MMA: Can Strikeforce Survive as an Independent League Without the Heavyweights?

Strikeforce’s Heavyweight Grand Prix Saturday is also a grand finale for the heavyweight division. Though there may be one more fight left in the league for the participants in the main event, Strikeforce is set to move on without a heavyweight division after that.

So, can Strikeforce really keep driving even while the wheels are falling off? Strikeforce CEO Scott Coker seems to think so.

Coker, who is one of just a handful of former executives still retained by Strikeforce after the takeover, is convinced that we’ll see Strikeforce on Showtime “for many years to come.” 

Coker also explained in the same recent Heavyweight Grand Prix conference call that the company has “a great relationship with Showtime.”  

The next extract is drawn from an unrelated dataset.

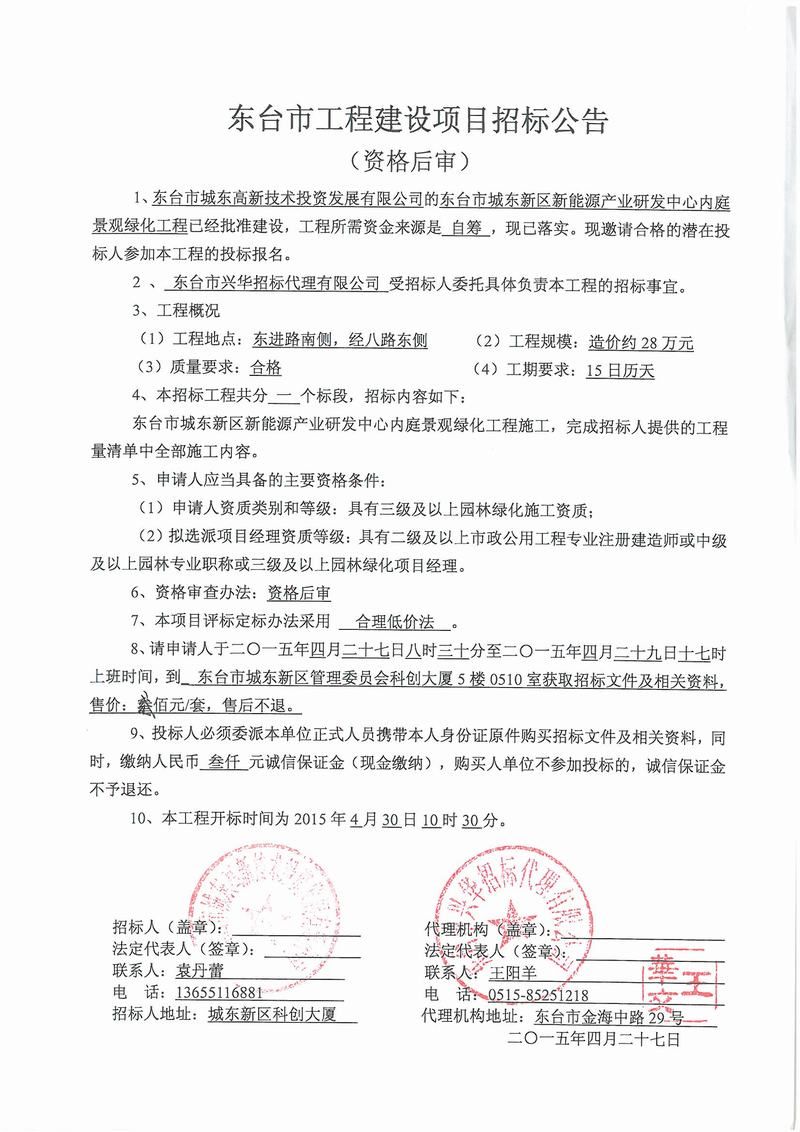 文章来源:东台市兴华招标代理有限公司 添加时间:2015/4/27 12:13:07 点击率:2492

Coker’s remarks focusing on the renewal of Strikeforce’s cable television deal with Showtime also belie the main reason why the UFC hasn’t completely consumed the brand just yet. 

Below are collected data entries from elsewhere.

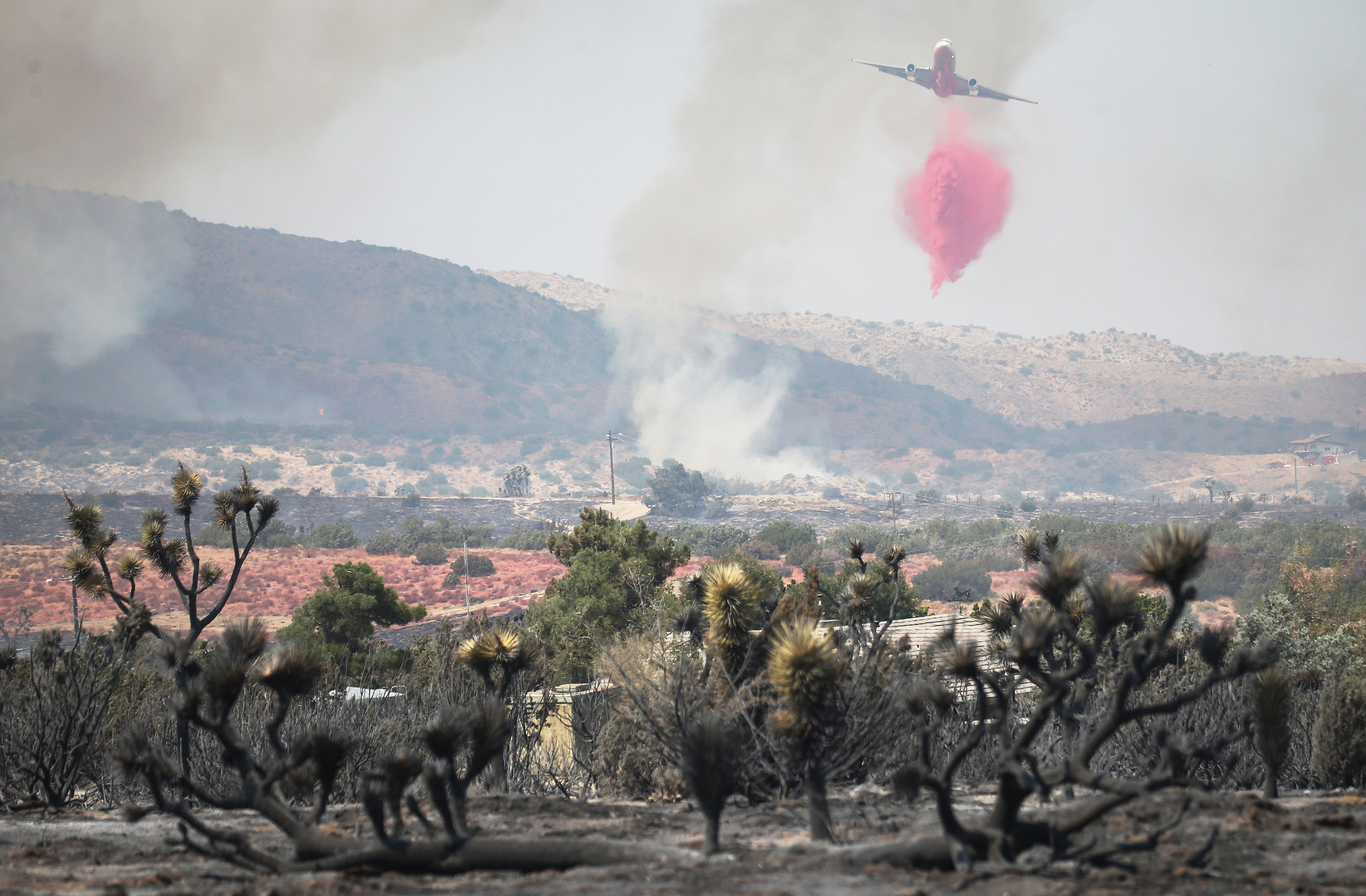 A firefighting aircraft drops the fire retardant Phos-Chek as the Bobcat Fire continues to burn on Sept. 19, 2020 in Juniper Hills, California. (Mario Tama/Getty Images)
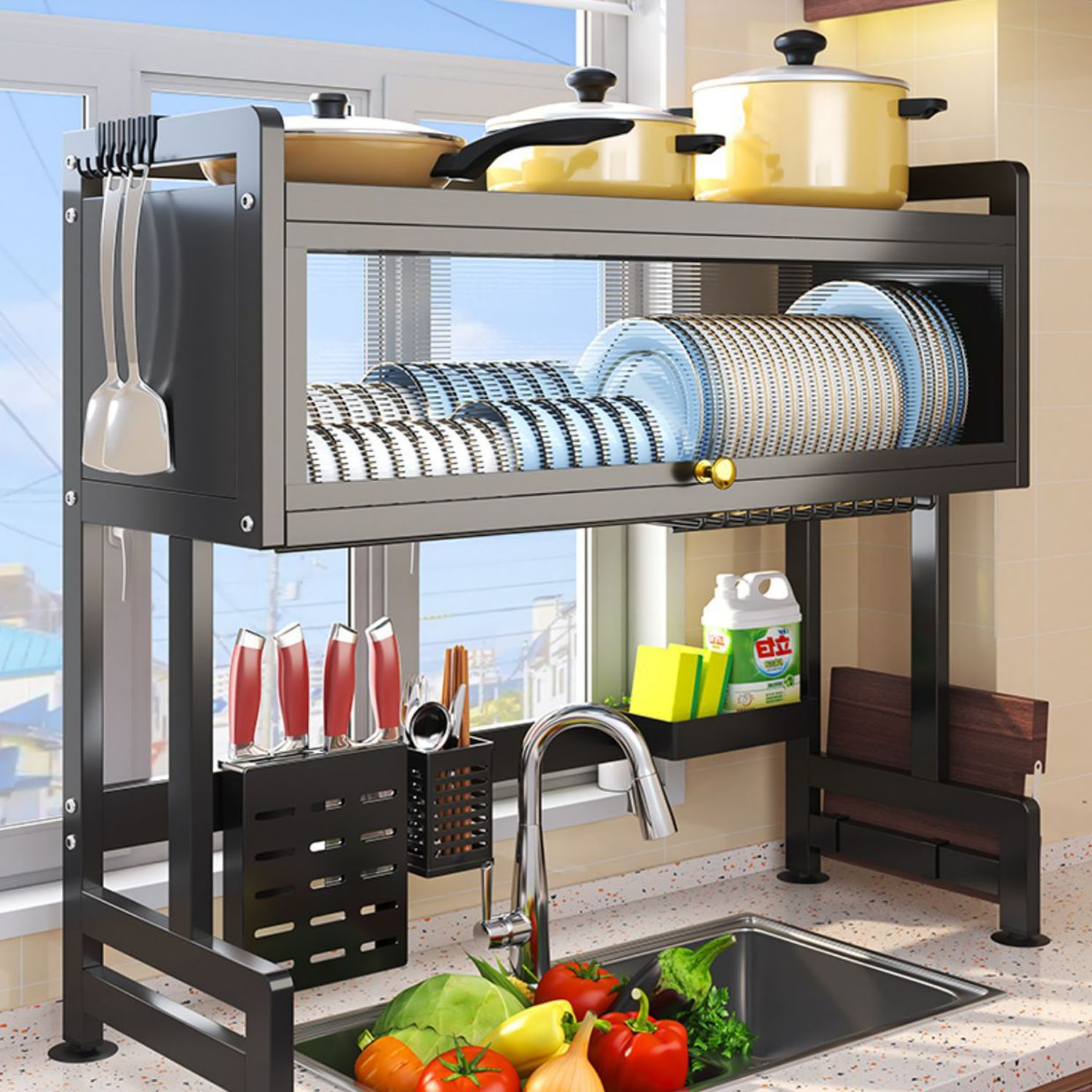 Kệ để chén bát đa năng có nắp đậy
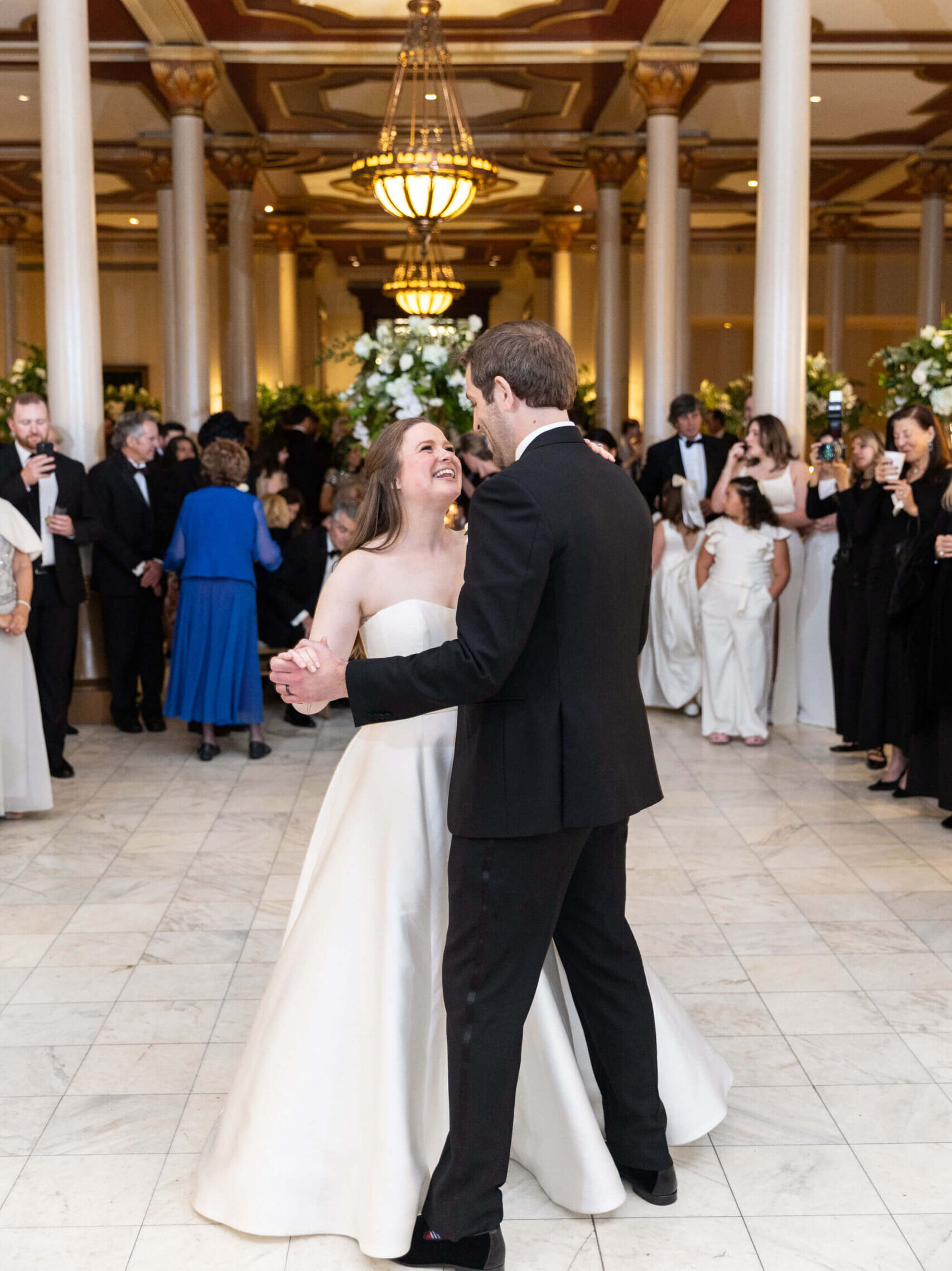 Even the reception venue was sentimental. Held at the Driskill Hotel, it’s where Andrew first told Cate he loved her while they were attending another friend’s wedding. The dark wood, marble accents and candlelight brought Cate’s vision of a romantic celebration to life. She wore a strapless satin gown with a sheer floral overlay, with her “something blue” embroidered inside, a patch from the dress she wore to her sister’s wedding years ago. Her “something old” was her great-grandmother’s watch, and her “something borrowed” was her sister’s handkerchief.

The “business as usual” promises made by Zuffa President Dana White back in March 2011 seemed hollow from the start, and subsequent changes proved White’s words were pure hype.

Multiple moves made since the purchase transformed Strikeforce into an entity obviously being groomed for ultimate demolition. Still, the league hung on despite losing a slew of popular fighters to the UFC. 

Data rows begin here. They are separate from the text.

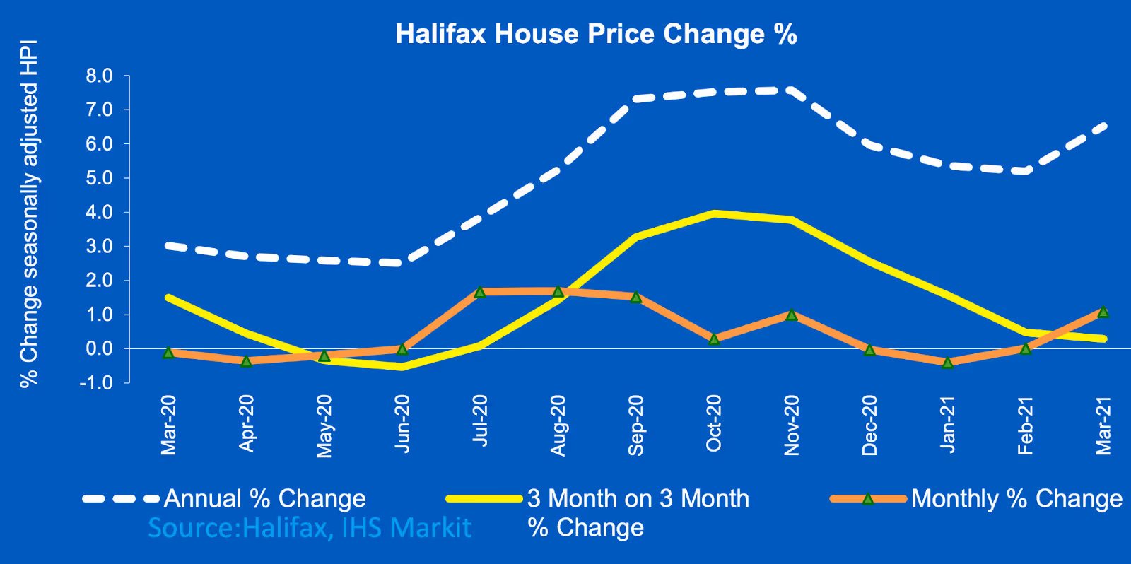 On a monthly basis, house prices in March were 1.1% higher than in February. The rise of almost £3,000 marks the first monthly increase since November 2020.
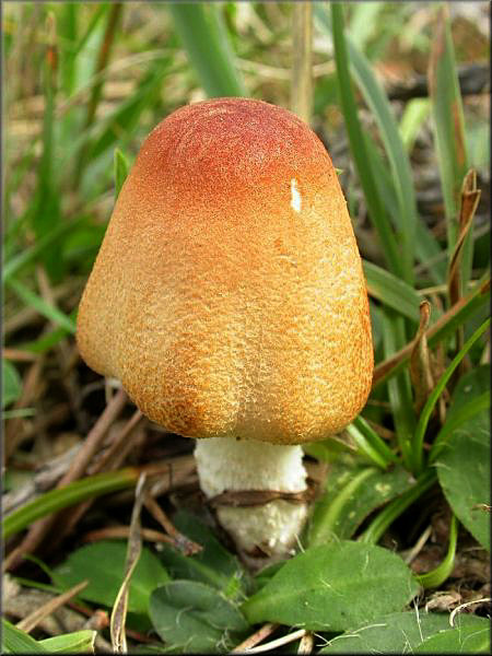 En esta foto vemos un ejemplar completamente desarrollado. En la primera imagen era difícil llegar a la conclusión de que era una Lepiota, en esta ya no, como imagino cual será tu respuesta: Lepiota ventriosospora D.A. Reid, apunto cual es su nombre actual según el Index Fungorum:
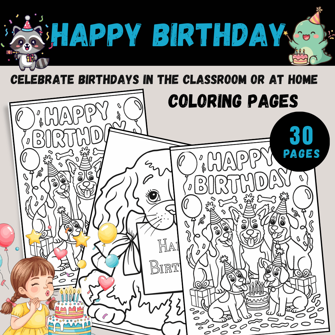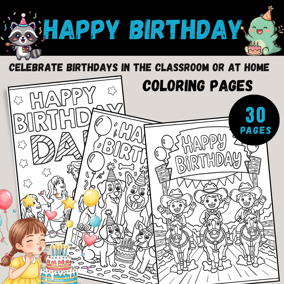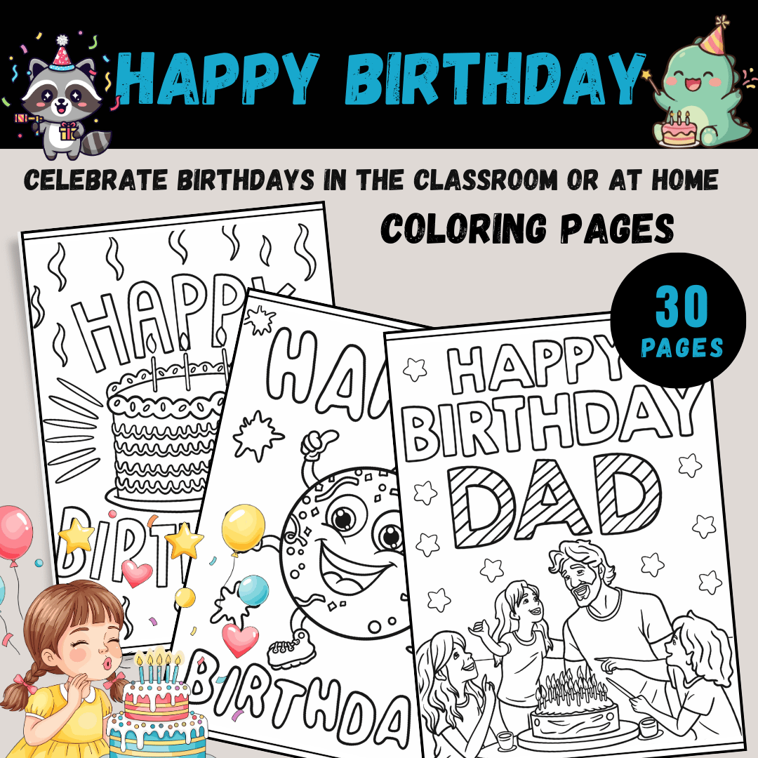 Happy Birthday Coloring Pages for Preschool, Kindergarten, Creative, First Grade

Rather than take the structure down like one of those controlled explosions instantly reducing everything to dust, Zuffa seems to be taking their sweet time removing one brick at a time from Strikeforce’s foundation.

The bigger and bolder promotion that snatched up the second-tier fight club for a song is under a more intense microscope these days, and their past evisceration of PRIDE went a long way to taint the UFC’s image. Those scars are still fresh.

MMA fans might seem more ready, willing, and able to see Strikeforce lumped in with the UFC these days, but Zuffa’s brass is still slow playing this one.

Few people were privy to intimate details of the purchase agreement hatched to make the Zuffa/Strikeforce deal happen, but it’s probably a pretty safe bet that there was something in that contract to prevent a complete collapse of Strikeforce.

Additionally, there are some fringe benefits Zuffa enjoys by keeping the other fight club a going concern. For one, women’s MMA is starting to gain a foothold with fans, and keeping Strikeforce running allows Zuffa to be on the cutting edge of developing the women’s field.

Dana White‘s been outspoken about not wanting to add women to the UFC, and he’s taken some heat for that stance. Thanks to the dynamic fighting of women’s MMA sensation Ronda Rousey, White and Lorenzo Fertitta are coming around to the idea that girls really can fight. If they folded Strikeforce into the UFC completely, White would have to eat crow and let the ladies fight in the octagon. 

The Showtime exposure is also key, as indicated by Coker’s confidence in that partnership. Zuffa is trying to ensure that the sport of MMA continues to be seen as “the fastest growing sport in the world.” They even claim their own operation is “the fastest growing sports organization in the world.

So, keeping the Strikeforce train rolling down the tracks will keep a brand of mixed martial arts under the Zuffa label on a major cable network sharing the spotlight with boxing. The Showtime team also had their own independent media machine, which is a big plus for Zuffa, even though they still supplement that PR production and marketing on their own. 

As much as Strikeforce’s doomsday seems imminent, it could actually be a long way off at this pace. What’s more likely is that the league will wind up in a situation like the WEC, hosting lighter-weight fight cards and maintaining a long, healthy, independent history until it simply is no longer feasible or desirable for any reason to keep the entity separated from the UFC.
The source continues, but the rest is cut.